Date: 2005-03-15 03:14:31
Message-ID: 20050315031431.1274@mail.net-virtual.com
Views: Raw Message | Whole Thread | Download mbox | Resend email
Thread:
Lists: pgsql-general

>On Mon, 2005-03-14 at 06:11, Net Virtual Mailing Lists wrote:
>> Hello,
>>
>>
>> I am sorry to bring this up again.... Does anyone have any idea what
>> might be going on here?... I'm very worried about this situation.. ;-(
>
>It looks to me like either you're not analyzing often enough, or your
>statistics target is too low to get a good sample. Note your estimated
>versus real rows are off by a factor of 70 (28 est. versus 1943 actual
>rows). That's a pretty big difference, and where you should be looking.
>
>> > -> Seq Scan on jobdata (cost=0.00..7567.88 rows=28 width=52) (actual
>> >time=11.498..4800.907 rows=1943 loops=1)
>
>Yes, this is because PostgreSQL is using an index to approximate a
>sequential scan, which is not a good thing since PostgreSQL can't get
>all the information it needs from just an index, but has to visit the
>table to check visibility.
>

All of these were after a vacuum full analyze, which I actually do
nightly on the database.

I probably confused the issue with all of my posts, this is the query
which has me concerned. When running it on my system here, the disk
thrashes (and I mean *THRASHES*) the entire 12-20 seconds it takes to
run... WHen running on our production servers, I can't hear the disk,
but see an equally troubling performance loss when using the index.

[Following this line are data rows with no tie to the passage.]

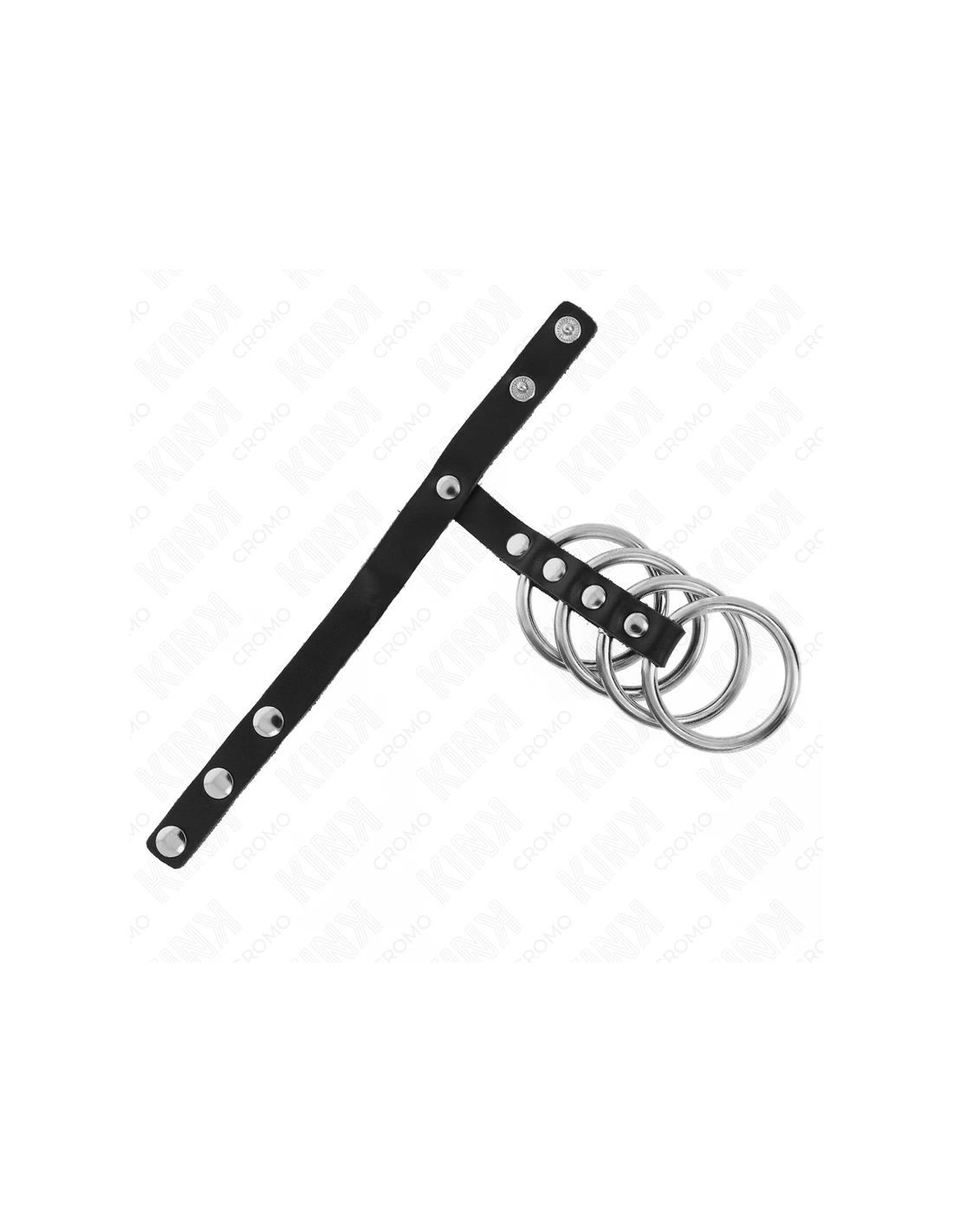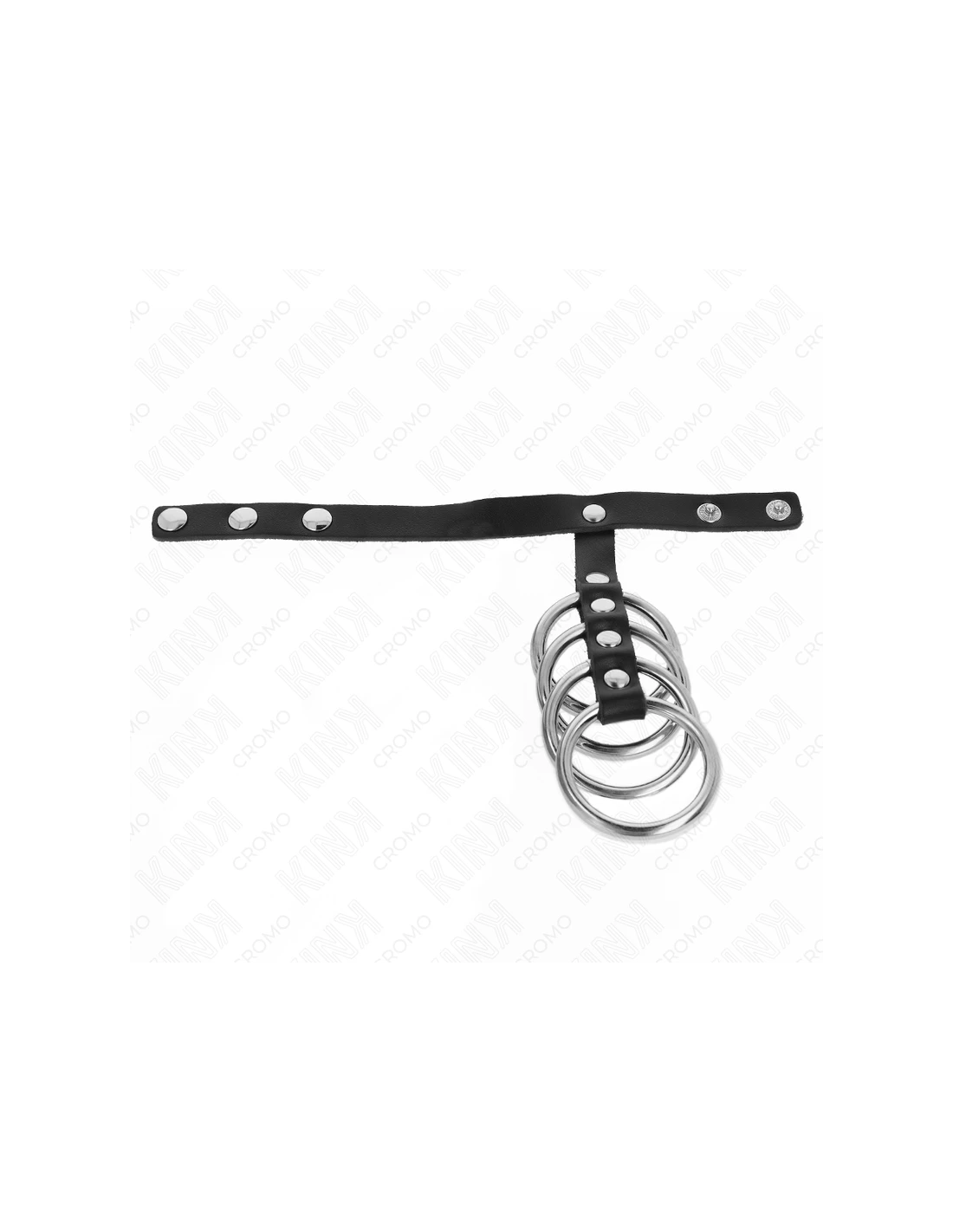 KINK - 4 ANILLOS PENE METAL 3.8 CM CONECTADOS CON CORREA DE CUERO 22 X 1.5 CM Y CIERRE A PRESIÓN
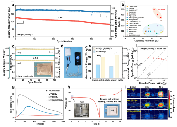 图2.准固态无负极电池的(a-f)电化学性能(g-i)与安全性
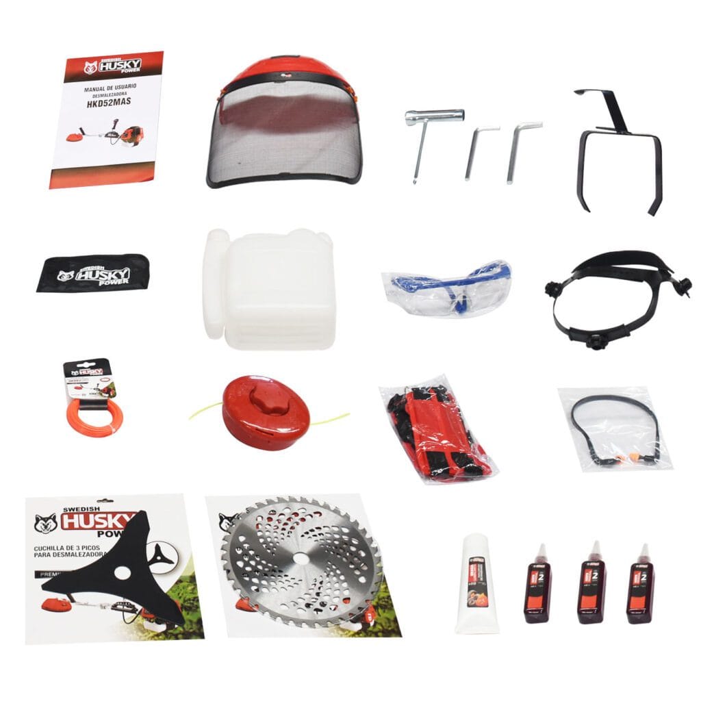 Incluye: cuchilla de 3 picos, disco de corte, 2 cabezales con fácil enrollado de hilo, rollo de hilo, arnés, careta, protección auditiva, googles, recipiente de mezcla, soporte para pared, kit de herramientas, juego de adaptadores para cuchilla y cabezal, 3 frascos de 100ml de aceite mineral y 30g de grasa lubricante para carcasa de engranes.
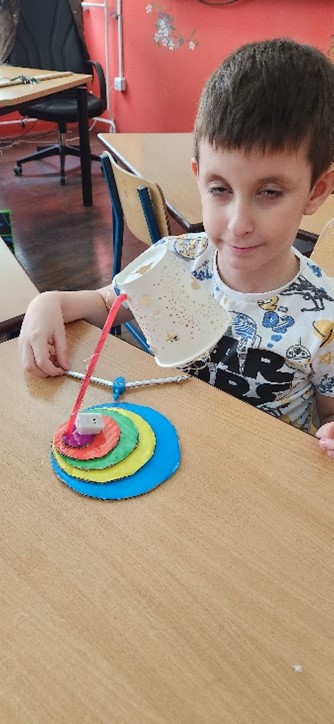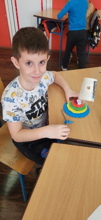 Вукашин је донео доста материјала за рад. Код куће је размислио, направио план и донео потребна средства за своју креацију. Креативан је, стрпљив и уредан у раду. Повезује знања и вештине стечене на другим часовима. Два часа је уживао. Видело се да му прија и да је задовољан оним што је направио. На крају часа је показао рад и са нама поделио своју срећу.
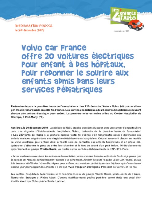 Grâce à Volvo Car France, partenaire de la première heure de l'association Les Z'Enfants de l'Auto, les services pédiatriques de 20 centres hospitaliers recevront cette année une voiture électrique qui permettra aux enfants hospitalisés et en phase pré-opératoire d'effectuer le parcours entre leur chambre et le bloc opératoire au volant d'un petit bolide.
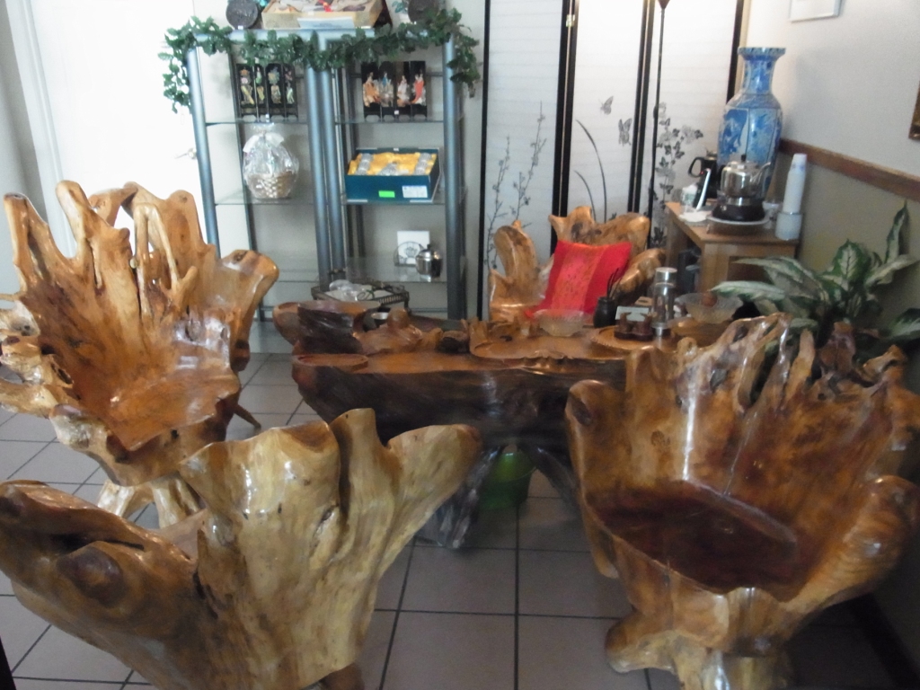 写真は、テイスティングコーナー。椅子が中国っぽいですね。

database=> explain analyze select id from table1 where category <@ 'a.b';
QUERY
PLAN
-------------------------------------
-------------------------------------
-------------------------------------------------------------------------
Index Scan using table1_category_full_gist_idx on jobdata
(cost=0.00..113.48 rows=28 width=4) (actual time=43.814..12201.528
rows=1943 loops=1)
Index Cond: (category <@ 'a.b'::ltree)
Filter: (category <@ 'a.b'::ltree)
Total runtime: 12222.258 ms

I can do this to speed things up (this results in very little disk
activity, certainly not the thrashing the original query did):

create table yuck (id integer, category ltree[]);
insert into yuck select id, category from table1;
create index category_idx on yuck using gist(category);
vacuum analyze yuck;
jobs=> explain analyze select id from table1 where id in (select id from
yuck where category <@ 'a.b');
QUERY PLAN

-------------------------------------
-------------------------------------
-------------------------------------------------------------
Nested Loop (cost=108.64..114.28 rows=1 width=52) (actual
time=654.645..1245.212 rows=1943 loops=1)
-> HashAggregate (cost=108.64..108.64 rows=1 width=4) (actual
time=654.202..690.709 rows=1943 loops=1)
-> Index Scan using category_idx on yuck (cost=0.00..108.57
rows=28 width=4) (actual time=2.046..623.436 rows=1943 loops=1)
Index Cond: (category <@ 'a.b'::ltree)
Filter: (category <@ 'a.b'::ltree)
-> Index Scan using table1_pkey on jobdata (cost=0.00..5.64 rows=1
width=52) (actual time=0.219..0.235 rows=1 loops=1943)
Index Cond: (table1.id = "outer".id)
Total runtime: 1261.551 ms
(8 rows)

If I drop the index "table1_category_full_gist_idx", the query speeds up
dramatically (10-15 times faster on both dev and prod uction systems).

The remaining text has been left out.